Required action. Return all entries verbatim; skip any pictures.

Task data.
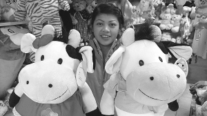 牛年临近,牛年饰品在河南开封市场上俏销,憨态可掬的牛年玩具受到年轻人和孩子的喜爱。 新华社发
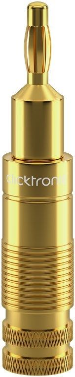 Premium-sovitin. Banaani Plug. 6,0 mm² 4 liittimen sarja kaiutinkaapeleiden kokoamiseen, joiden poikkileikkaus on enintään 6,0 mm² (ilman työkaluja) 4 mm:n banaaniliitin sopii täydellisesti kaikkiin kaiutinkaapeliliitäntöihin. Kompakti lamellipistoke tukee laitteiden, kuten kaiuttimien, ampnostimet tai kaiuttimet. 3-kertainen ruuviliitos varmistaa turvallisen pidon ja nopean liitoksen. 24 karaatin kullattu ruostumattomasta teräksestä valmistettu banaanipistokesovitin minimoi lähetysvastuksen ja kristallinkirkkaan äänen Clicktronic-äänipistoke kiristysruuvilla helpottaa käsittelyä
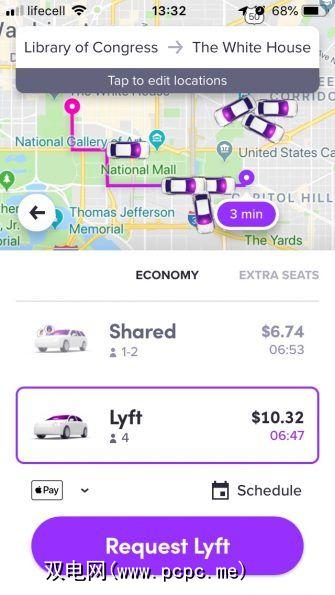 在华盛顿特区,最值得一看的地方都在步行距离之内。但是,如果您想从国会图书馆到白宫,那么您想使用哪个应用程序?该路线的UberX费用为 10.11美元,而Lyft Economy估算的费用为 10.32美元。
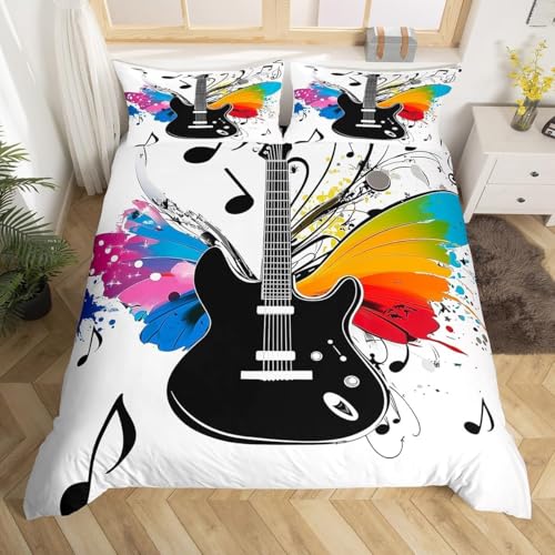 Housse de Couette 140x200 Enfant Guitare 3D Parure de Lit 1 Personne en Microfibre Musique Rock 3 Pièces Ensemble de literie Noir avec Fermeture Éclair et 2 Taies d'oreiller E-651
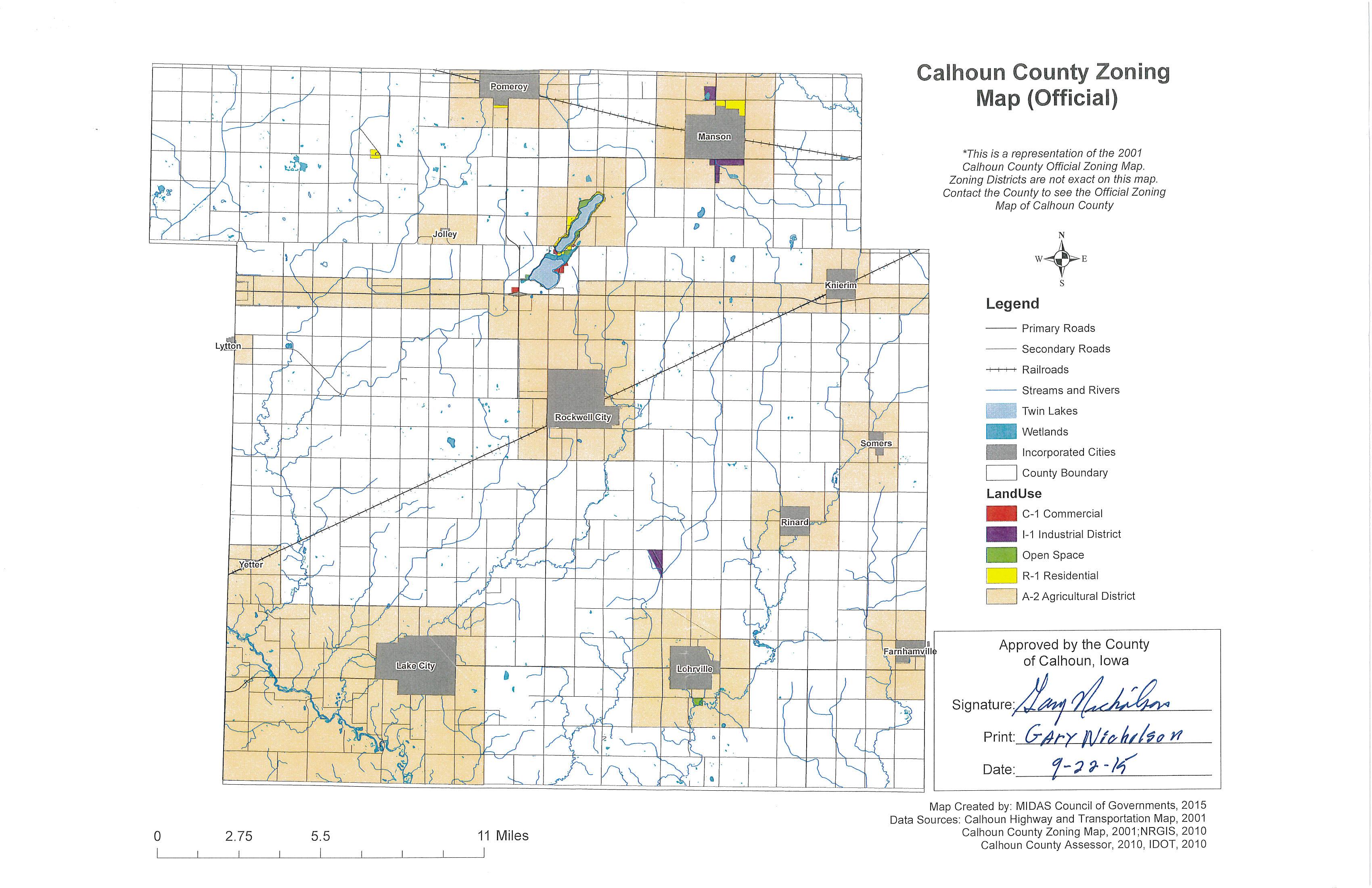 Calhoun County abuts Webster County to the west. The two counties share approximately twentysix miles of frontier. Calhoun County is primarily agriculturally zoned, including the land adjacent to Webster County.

Response to this task.
 牛年临近,牛年饰品在河南开封市场上俏销,憨态可掬的牛年玩具受到年轻人和孩子的喜爱。 新华社发
 Premium-sovitin. Banaani Plug. 6,0 mm² 4 liittimen sarja kaiutinkaapeleiden kokoamiseen, joiden poikkileikkaus on enintään 6,0 mm² (ilman työkaluja) 4 mm:n banaaniliitin sopii täydellisesti kaikkiin kaiutinkaapeliliitäntöihin. Kompakti lamellipistoke tukee laitteiden, kuten kaiuttimien, ampnostimet tai kaiuttimet. 3-kertainen ruuviliitos varmistaa turvallisen pidon ja nopean liitoksen. 24 karaatin kullattu ruostumattomasta teräksestä valmistettu banaanipistokesovitin minimoi lähetysvastuksen ja kristallinkirkkaan äänen Clicktronic-äänipistoke kiristysruuvilla helpottaa käsittelyä
 在华盛顿特区,最值得一看的地方都在步行距离之内。但是,如果您想从国会图书馆到白宫,那么您想使用哪个应用程序?该路线的UberX费用为 10.11美元,而Lyft Economy估算的费用为 10.32美元。
 Housse de Couette 140x200 Enfant Guitare 3D Parure de Lit 1 Personne en Microfibre Musique Rock 3 Pièces Ensemble de literie Noir avec Fermeture Éclair et 2 Taies d'oreiller E-651
 Calhoun County abuts Webster County to the west. The two counties share approximately twentysix miles of frontier. Calhoun County is primarily agriculturally zoned, including the land adjacent to Webster County.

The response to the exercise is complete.